If Uploader.UploadsMetricName field is not zero, Uploader will create a counter metric to track successes and failures.
Index ¶
Constants ¶
This section is empty.
Variables ¶
This section is empty.
Functions ¶
This section is empty.
Types ¶
type InsertIDGenerator ¶
type InsertIDGenerator struct { // Counter is an atomically-managed counter used to differentiate Insert // IDs produced by the same process. Counter int64 // Prefix should be able to uniquely identify this specific process, // to differentiate Insert IDs produced by different processes. // // If empty, prefix will be derived from system and process specific // properties. Prefix string }
InsertIDGenerator generates unique Insert IDs.
BigQuery uses Insert IDs to deduplicate rows in the streaming insert buffer. The association between Insert ID and row persists only for the time the row is in the buffer.
InsertIDGenerator is safe for concurrent use.
var ID InsertIDGenerator
ID is the global InsertIDGenerator
func (*InsertIDGenerator) Generate ¶
func (id *InsertIDGenerator) Generate() string
Generate returns a unique Insert ID.
type Row ¶
type Row struct { proto.Message // embedded // InsertID is unique per insert operation to handle deduplication. InsertID string }
Row implements bigquery.ValueSaver
type Uploader ¶
type Uploader struct { *bigquery.Uploader // Uploader is bound to a specific table. DatasetID and Table ID are // provided for reference. DatasetID string TableID string // UploadsMetricName is a string used to create a tsmon Counter metric // for event upload attempts via Put, e.g. // "/chrome/infra/commit_queue/events/count". If unset, no metric will // be created. UploadsMetricName string // BatchSize is the max number of rows to send to BigQuery at a time. // The default is 500. BatchSize int // contains filtered or unexported fields }
Uploader contains the necessary data for streaming data to BigQuery.
func NewUploader ¶
NewUploader constructs a new Uploader struct.
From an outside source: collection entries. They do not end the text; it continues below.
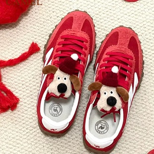 骆驼山海运动鞋秋冬女款红色鞋子休闲女鞋百搭复古德训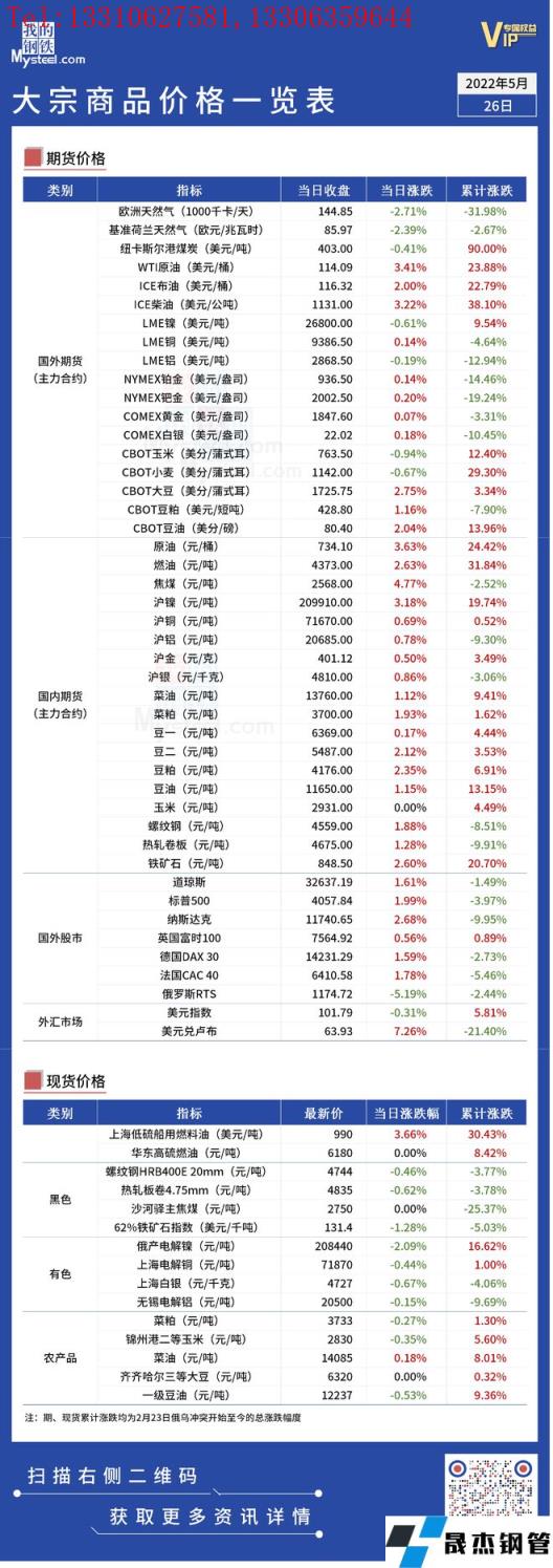 免責聲明:本網站(山東聊城晟杰無縫鋼管廠m.cuirutang.cn)刊載的“俄烏局勢丨大宗商品價格一覽表(5月26日)”等均源于網絡,版權歸原作者所有,且僅代表原作者觀點,本文所載信息僅供參考。轉載僅為學習與交流之目的,如無意中侵犯您的合法權益,請及時聯系刪除。本網站刊登此篇文章并不意味著本站贊同其觀點或證實其內容的真實性,我們不對其科學性、嚴肅性等作任何形式的保證。如果侵犯了您的版權,請盡快聯系我們予以撤銷,謝謝合作!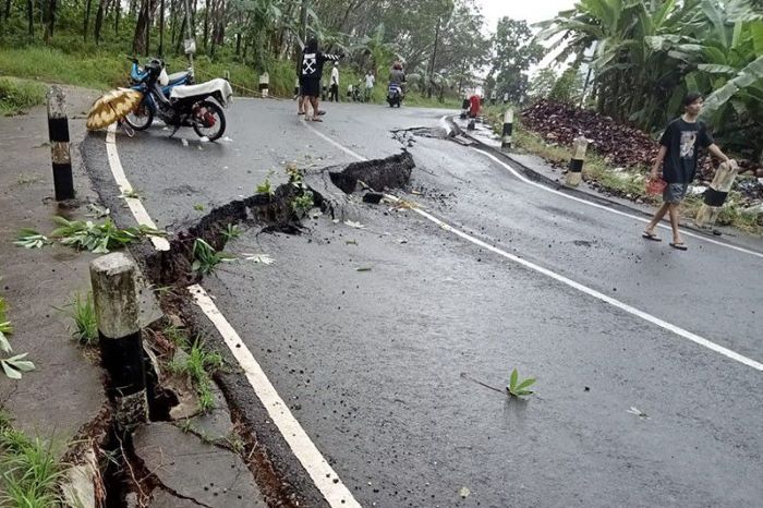 ”Sehingga jalannya ambles. Tergerus dan longsor (ambles) dari selatan dan di bawah aspal tergerus ke utara jadi turun, kemudian yang patah adalah batas badan,” ucap Gatot Arief Widodo.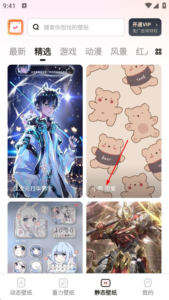 2、在静态壁纸页面,选择喜欢的壁纸,如小熊可爱壁纸。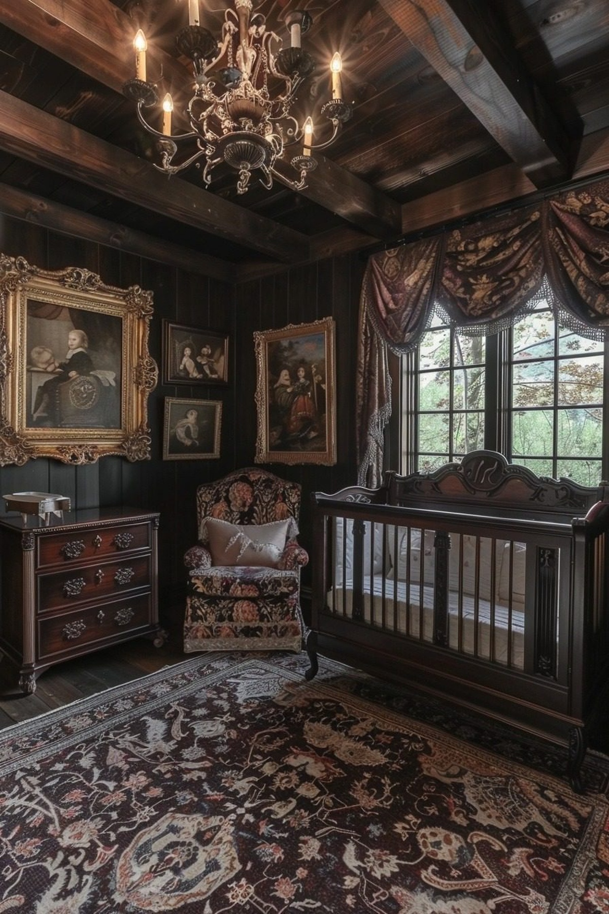 Vintage nursery is a delightful retreat filled with warmth and history. Rich floral wallpaper sets the stage, bringing nature indoors while antique wooden furniture adds timeless character.

DatasetID and TableID are provided to the BigQuery client to gain access to a particular table.
You may want to change the default configuration of the bigquery.Uploader. Check the documentation for more details.
Set UploadsMetricName on the resulting Uploader to use the default counter metric.
Set BatchSize to set a custom batch size.
func (*Uploader) Put ¶
Put uploads one or more rows to the BigQuery service. Put takes care of adding InsertIDs, used by BigQuery to deduplicate rows.
If any rows do now match one of the expected types, Put will not attempt to upload any rows and returns an InvalidTypeError.
Put returns a PutMultiError if one or more rows failed to be uploaded. The PutMultiError contains a RowInsertionError for each failed row.
Put will retry on temporary errors. If the error persists, the call will run indefinitely. Because of this, if ctx does not have a timeout, Put will add one.
See bigquery documentation and source code for detailed information on how struct values are mapped to rows.